One Night Only
I wanted to work extra hours since I didn't have class, but my boss saw me limping as well and would've sent me home too if I hadn't told him that I needed the money. As it was, he hovered over me so much that it was almost worse than not being able to dance. He did let me pick up some extra hours on Friday, but that was only after Cecily called off. We couldn't handle our busiest night with just one waitress. He needed me and I was glad for the work.
Anastascia wasn't any help, but only because I didn't tell her about my futile attempts to make contact. I let her assume that I was giving him room to grieve, and I tried to convince myself of that too… that Julien was just mourning and didn't want to share his grief. I didn't let myself remember how he'd said he hated his dad. To me, that should have made things easier for him to handle, but I didn't understand that part of his situation. I'd loved my mother and her loss was still a gaping hole in my life.

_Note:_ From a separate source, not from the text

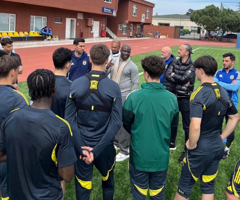 Eski Fenerbahçeli futbolcu Stephen Appiah, Fenerbahçe Futbol Akademisi'nde genç sporcularla bir araya geldi.

I spent most of the day Saturday on the couch, my foot propped up and on ice. I'd overdone it the night before at work and knew if I didn't stay off it and let it heal, I risked permanent injury. If I wasn't careful, I'd lose my spot in The Nutcracker and worse, the opportunity it presented.
It was the end of the second week in December. The city was full of lights and decorations. Christmas music was playing everywhere that had speakers. People were shopping, their arms full of brightly-colored packages.
I had a Christmas tree up and lights all around the living room thanks to Anastascia. This was my favorite time of year and I should have been thrilled to be spending it in my own place. It'd be the first Christmas I'd have off since before I went to Vegas, and before that, I'd spent the previous three Christmases in the hospital with my mom. But I couldn't find enjoyment in the decorations or even the specials I spent the entire day watching. If this kept going on, my first Christmas back in Philadelphia was going to turn out to be worse than Thanksgiving.
Then, finally, Sunday morning, he picked up his phone. Instantly, I could tell something wasn't right. It wasn't just the normal sadness that came from the loss of a parent. He sounded distant.
“I was wondering how you were doing.” I started there because it was the truth. I was worried about him. I knew how rough it was to lose a parent and how easy it was to just shut people out. If I hadn't had Anastascia when my mom had died, I didn't know what I would've done.
“Keeping busy.” His voice was flat. He didn't sound angry with me or cold or anything like that, but he also didn't have his usual warmth.
“That's good.” I tried another tact. I really didn't want to have this confession over the phone, especially since we were going to have to deal with what had happened between us the night his dad had died. “I was wondering if you'd like to get a cup of coffee tomorrow morning.”
I heard the hesitation, and then Julien spoke, “I'm busy tomorrow.”
“Oh.” I tried not to sound hurt. “What about Tuesday? Or whenever you're free next.”
“Yeah, Piper, thing is, I don't know when I'll have some free time. I've been super busy lately.”
I felt tears sting at my eyes and was thankful Anastascia was in the shower. I didn't want her to see me like this. I was pushing too hard, being too clingy. With everything Julien had been through, it wasn't out of the realm of possibility that he wanted some space.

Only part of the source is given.